Scale the database of a real project with SQL Azure Federations. Part 2: Input

  • Tutorial
The last time we looked at the theoretical part of SQL Azure Federations. What to think about and what to consider when migrating to SQL Azure Federations. I note that the essence is not even in the technology itself. If the task is to scale the database, it does not matter using Federations, MySQL Cluster or another way, the first thing you should think about is the database architecture. The database that needs to be scaled in the first place should be architecturally oriented to this.

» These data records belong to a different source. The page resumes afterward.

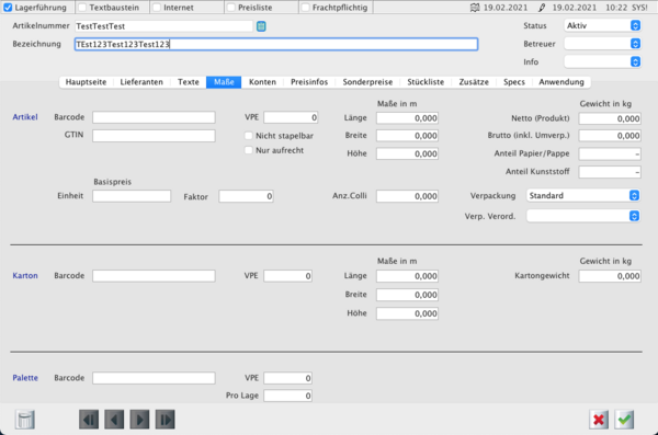 Im Reiter Maßen können Sie z.B. die Maße der Artikel und des Kartons eintragen. Des Weiteren können Sie hier für entsprechende Artikel Barcodes hinterlegen, diese werden bei einem Etikettendruck als Strichcode ausgegeben.
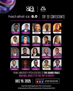 Following the 2-day pre-pitch for the grand finale, Wema Bank, Nigeria’s leading innovative bank and pioneer of Africa’s first fully digital bank, ALAT, has announced the Top 20 finalists for Hackaholics 6.0. The 2-day pre-pitch took place on December 16 and 17, 2025.
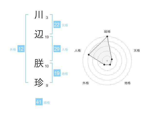 川辺 朕珍さんの総格は41画の5点!

So, back to our project. The subject area of ​​the database is personal finance accounting. The database diagram is shown in the figure.



As we see the database is quite simple. Each system object is an entity with basic properties (Id, Name, Description). Specific entities are the Account (inherited from it: Bank account, Credit card), the Spending category (inherited from it: Budget, as well as child categories) and Account transactions.

In addition to tables, the database contains some logic for adding entities to the database (framed in the form of stored procedures), as well as a couple of View, to display the results of typical queries to the database.

The source code for the SQL script to create the database can be found here .



It is clear that in a real project the number of artifacts in the database can be an order of magnitude greater, however, the migration of even such a small database can show the main rake that you may encounter when using SQL Azure Federations.

Analysis

Before rushing to migrate a database to use SQL Azure Federations, you need to determine which data in the database is logically independent. What type of data can be distributed across different databases. In fact, you must select a table whose data will be divided into several databases, the so-called federated table.



If we look at the structure of the database, then the first candidate for mind comes the basic table of entities (Entity). The script for creating this table is as follows:
CREATE TABLE Entity (
[Id] INTEGER NOT NULL PRIMARY KEY IDENTITY(1,1),
[Name] NVARCHAR(MAX) NOT NULL,
[Description] NVARCHAR(MAX) NOT NULL,
)

At first glance, this table is ideal for splitting. However, it is not. Yes, it does not contain foreign keys, it has a fairly simple structure, and the maximum number of records stored in it. However, according to the logic of the database, the data of the "successor tables" is associated with this table. That is, all entities created in the system have an entry in the entity table.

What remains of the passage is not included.